### DATA SHOWN
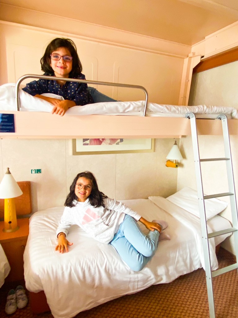 Notre cabine était super confortable avec un grand lit double pour Papa Bougeotte et moi et un lit superposé pour les filles, un placard et une petite salle de bain-WC. Nous avions une petite TV mais il n’y avait qu’une chaîne française (TV5 Monde), la clim’ et un sèche cheveux.
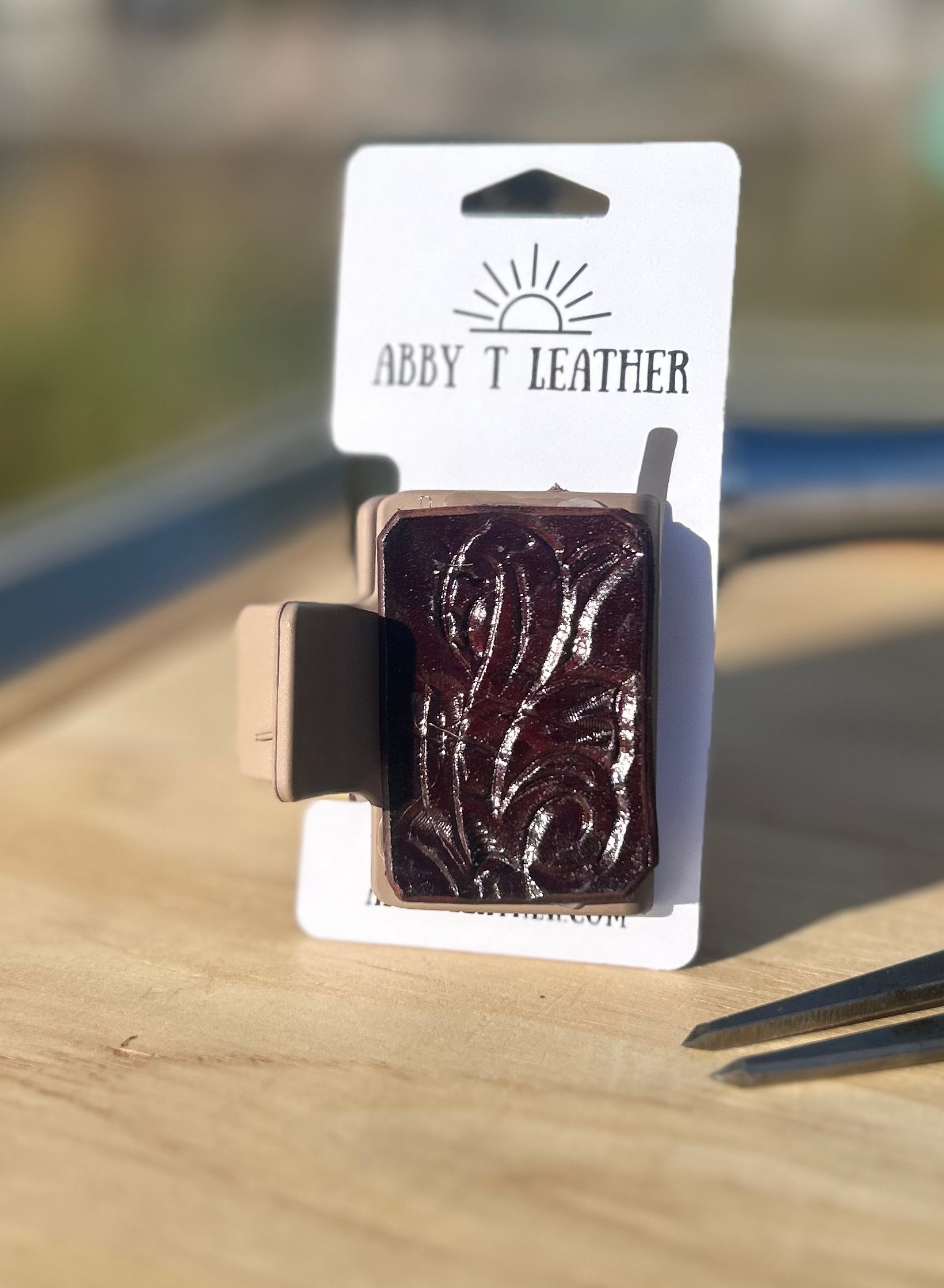 Handcrafted 2-inch leather hair clip made from premium Hermann Oak leather. Durable, elegant, and designed to add a timeless touch to any hairstyle.
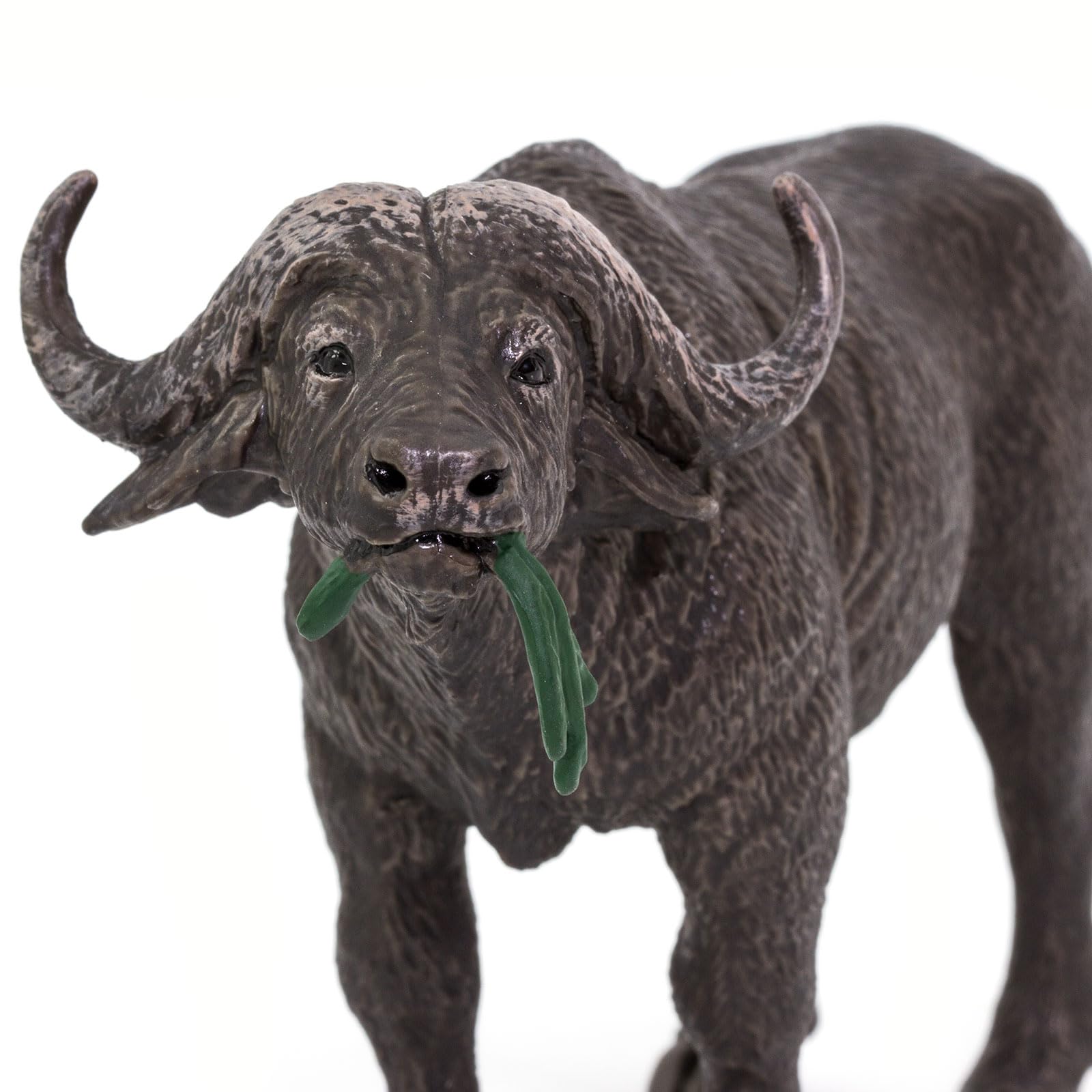 - Detailed Representation: Showcasing a mouthful of greens, the Cape Buffalo figurine is professionally sculpted and hand-painted with exceptional attention to detail, mirroring the striking features of its real-life counterpart.

### YOUR TASK
Everything in the listing above must be restated word for word, except the images.

### ANSWER TO THIS TASK
 Notre cabine était super confortable avec un grand lit double pour Papa Bougeotte et moi et un lit superposé pour les filles, un placard et une petite salle de bain-WC. Nous avions une petite TV mais il n’y avait qu’une chaîne française (TV5 Monde), la clim’ et un sèche cheveux.
 Handcrafted 2-inch leather hair clip made from premium Hermann Oak leather. Durable, elegant, and designed to add a timeless touch to any hairstyle.
 - Detailed Representation: Showcasing a mouthful of greens, the Cape Buffalo figurine is professionally sculpted and hand-painted with exceptional attention to detail, mirroring the striking features of its real-life counterpart.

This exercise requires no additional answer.